Battery Aachen – 1915

Our story starts in the first months of the first World War, then called the Great War.  After conquering most of Belgium in October 1914, the German army consolidated its positions. Shortly after that, the construction started of a string of coastal defense units.

bouw geschutstellingen

Construction of the artillery positions of Battery Aachen in January 1915

bouw geschutstellingen

Construction of the artillery positions of Battery Aachen in January 1915

installation artillery piece

Installation of one of the artillery pieces in early 1915

The construction of Battery Aachen started in January 1915, at Raversyde, a village on the outskirts of Ostend, Belgium. Battery Aachen was the first of a long chain of defensive units along the Belgian coast: west of Battery Aachen was the front line, on the east side was Battery Antwerp.  The unit contained two observation bunkers, four artillery positions, housing for the staff, ammunition depots. Battery Aachen was build on the Royal domain and the royal villa was even burned down and replaced by an artillery position.

Battery Aachen 1915

Overview of Battery Aachen as build in 1915 (image: Visual Dimension bvba)

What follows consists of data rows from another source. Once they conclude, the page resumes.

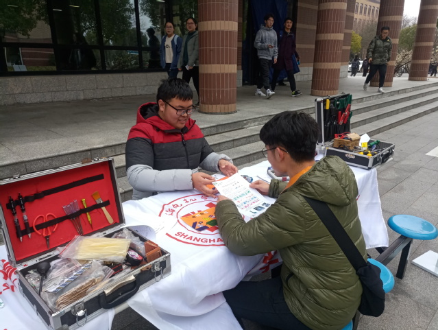 上午九时,awc777万象城娱乐官网科学商店、社会实践部、科创部共同主办的小电器维修暨垃圾分类知识宣传志愿活动在一食堂南侧举行。活动伊始,就有不少同学陆续将自己损坏的手机、台灯、耳机拿过来修理。电器修理的志愿者们装备齐全,拆卸、检测、维修、安装……维修工作有条不紊的进行着,志愿者们还耐心地向同学们讲解常用电器使用和保养方法。看着获得帮助的同学满意地离开,志愿者们更是切身体会到助人的快乐。
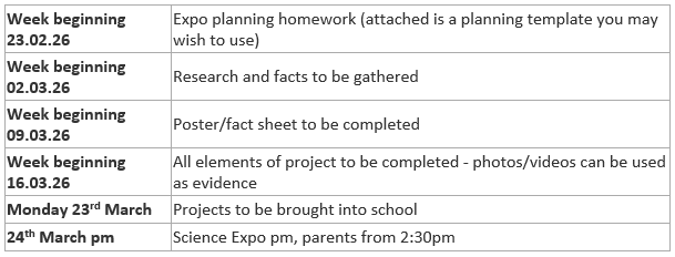 Homework is always shared on a Thursday and due in the following Tuesday.
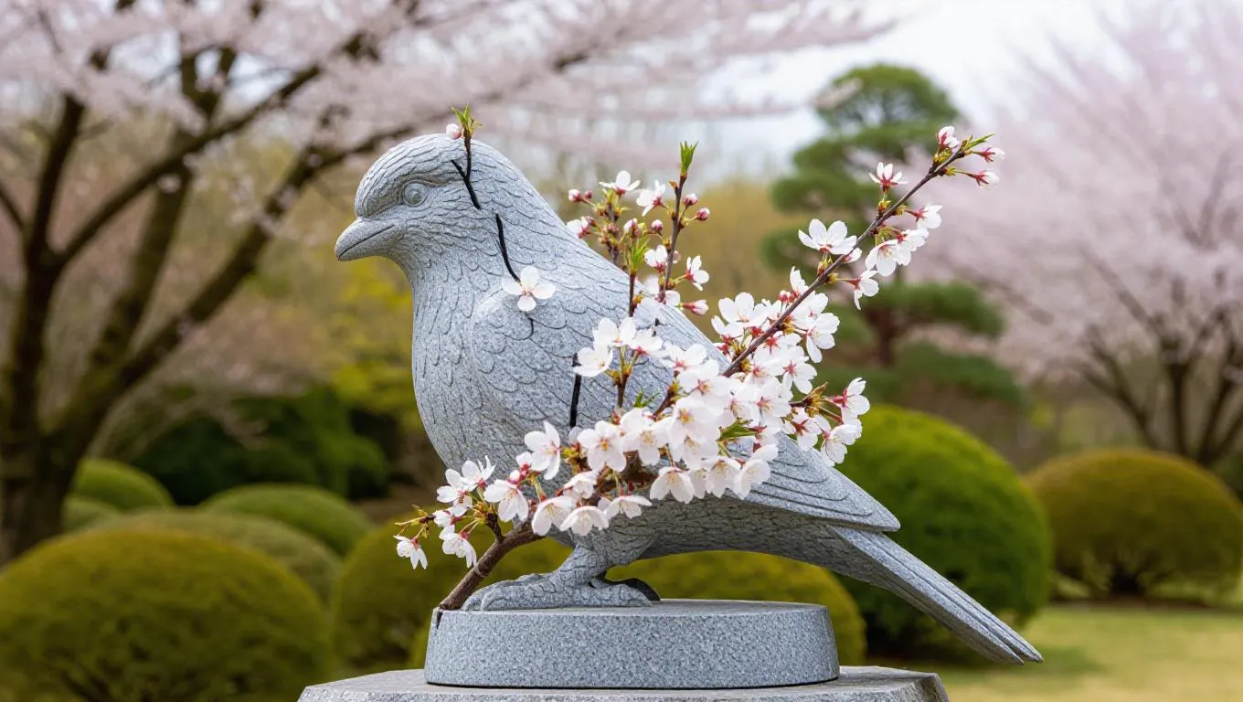 A stone statue of a bird, cracks along its tail opening into clusters of cherry blossoms

The artillery (15 cm SK L/40) was positioned in open concrete structures, on top of a double storage room that was partially underground.  A double rail track allowed to bring ammunition from the central ammunition bunker to each of the artillery positions.

Battery Aachen 1915 - artillery

The artillery of Battery Aachen consisted of four 15 cm guns (image: Visual Dimension bvba)

Battery Aachen 1915

The new Battery Aachen in spring 1915

A small detail in the image below: the railings of the Royal villa were reused in each of the artillery positions. And the commander seems to be quite proud of the neat result… At least the concrete was of very good quality, as today it is 100 years old and still in a nearly perfect state.

artillery position in 1915

The only close-up photograph of an artillery position at Battery Aachen (1915)

Krupps 15 cm gun

The artillery positions were probably using this Krupps 15 cm gun

Under the concrete platform was a basement in which the charges (right) and the projectiles (left) were stored. These were transported on rail from the storage to the artillery position and transferred to these storage spaces through small openings in the front.  Wooden doors gave access to stairs leading down in these storage spaces.  Ammunition was raised to the gun platform through a small hand-drawn elevator.

Battery Aachen 1915 - artillery unit

Battery Aachen 1915 – artillery units (image: Visual Dimension bvba)

The artillery pieces were aimed at the sea, but were used only a few times to counter attacks by Allied ships.  Instead, from this position, the inland front line was bombarded regularly. The first inland bombardment on Nieuwpoort took place on May 5, 1915.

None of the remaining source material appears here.